Messing data could be a important feature

handling missing data

Listwise deletion 删除有缺失值的所有行

现实中删除行不可行，test-set里面也有缺失，又不能丢

If you are confident that the missing values in your dataset are occurring at random, (in other words not being intentionally omitted) the most effective and statistically sound approach to dealing with them is called ‘complete case analysis’ or listwise deletion.

// 删除至少有一个缺失值的所有行
df.dropna(how='any')
// 删除特定列有缺失值的行
df.dropna(subset=['VersionControl'])
// 删除有缺失值的列
df.dropna(how='any', axis=1)

Replacing with value

注意：要用trainset的均值(或其他属性值)去填充testset，具体可以看：https://www.zhihu.com/question/268540071

替换策略：
- 对于Categorical columns：用’None’或出现频率最高的类替换
- 对于Numerical columns：用稳定中心值替换，如mean，median
- cons：it can lead to biased estimates of the variances and covariances of the features. （产生有偏估计）；the standard error and test statistics can be incorrectly estimated so if these metrics are needed they should be calculated before the missing values have been filled.

// inplace 表明是否在原有df上替换
df['VesionControl'].fillna(value='None Given',inplace=True)

// 这些计算默认会排除缺失值
df['ConvertedSalary'].mean()
df['ConvertedSalary'].median()
df['ConvertedSalary'].fillna(df['ConvertedSalary'].mean(),inplace=True)
// 均值小数位多，可以转int
df['ConvertedSalary']=df['ConvertedSalary'].astype('int64')
// or Python中的round方法默认采用四舍五入规则，即当舍去部分为5时，向偶数方向舍入。
df['ConvertedSalary'].fillna(round(df['ConvertedSalary'].mean()),inplace=True)

Recording missing values

有时候，一个列是否有缺失值可能很重要

df['SalaryGiven']=df['ConvertedSalary'].notnull()
df.drop(columns=['ConvertedSalary'])

handling data issue

字符串替换

删除英文数字中的逗号

df['Salary']=df['Salary'].str.replace(',','')

改变特征数据类型

比如以上，删除逗号后，数据类型依然是字符串

df['Salary']=df['Salary'].astype('float')

df['col'] = pd.to_numeric(df['col'], errors='coerce')
// 使用to_numeric()函数将其中一个列的数据转换为数字类型。
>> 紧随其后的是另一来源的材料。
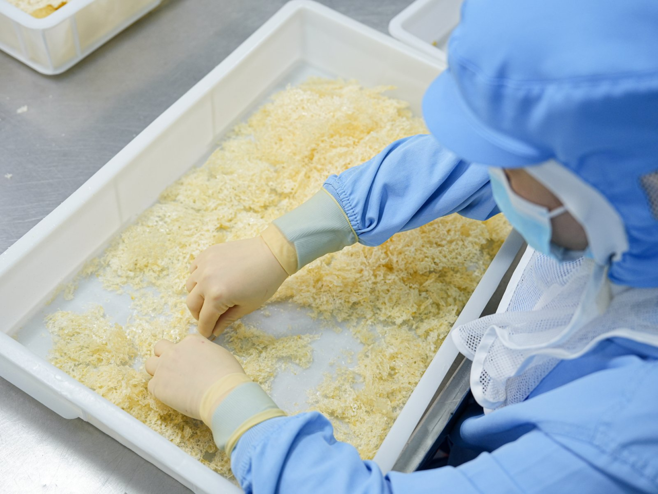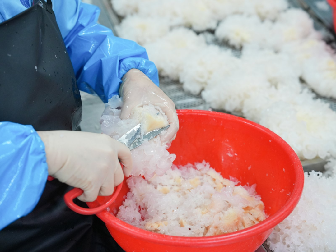 剪碎的银耳耳瓣还会进行鲜奶级别的巴氏杀菌!这样既不影响银耳的营养成分和口感,又能灭杀银耳中残留的有害细菌。
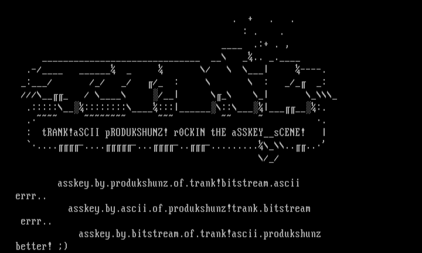 : tRANK!aSCII pRODUKSHUNZ! r0CKIN tHE aSSKEYsCENE!

errors='coerce'参数用于指定在转换过程中遇到无法转换的数据时，将其转换为NaN值。

Normalization

Data distribution

除了基于树的模型，几乎所有模型都要求特征具有相同的比例（且假设数据是正态分布的）
但是对树模型执行min-max scaling是有利于训练速度提升的

histogram

import matplotlib.pyplot as plt
pd.hist()
plt.show()

box plots

截屏2023-02-25 15.28.20

不在[$Q1-1.5IQR$，$Q3+1.5IQR$] 范围内的都是离群点（outliers）

import matplotlib.pyplot as plt
pd[['column_1']].boxplot()
plt.show()

Pairplot distribution

查看不同feature之间的关联度

import seaborn as sns
sns.pairplot(df)

plt.show()

df.describe()

df.describe()

Scaling ans transformations

注意：无论什么方法，都使用训练集最大最小值进行测试集缩放：

在对测试集进行特征数据缩放时，应该使用训练集的最大值和最小值进行缩放，而不是使用测试集的最大值和最小值。这是因为模型是在训练集上进行训练的，训练集的特征数据范围和分布情况更能够反映模型应该学习的数据模式。因此，对测试集进行特征数据缩放时，应该使用训练集的缩放参数，以保证模型对测试集的预测能力。
具体来说，可以在训练集上计算特征数据的最大值和最小值，并使用这些参数对训练集和测试集进行特征数据缩放。这样可以保证训练集和测试集使用相同的缩放参数，从而使得模型对测试集的预测结果更加准确和可靠。在实际应用中，可以将训练集和测试集的缩放参数保存下来，以便在使用模型进行预测时进行缩放操作。

Min-Max scaling

Use when you know the the data has a strict upper and lower bound.
线性缩放到$[0,1]$，不会改变值的分布（只改变值的大小比例）

from sklearn.preprocessing import MinMaxScaler
scaler = MinMaxScaler()

scaler.fit(df[['Age']])

df['normalization_age'] = scaler.transform(df[['Age']])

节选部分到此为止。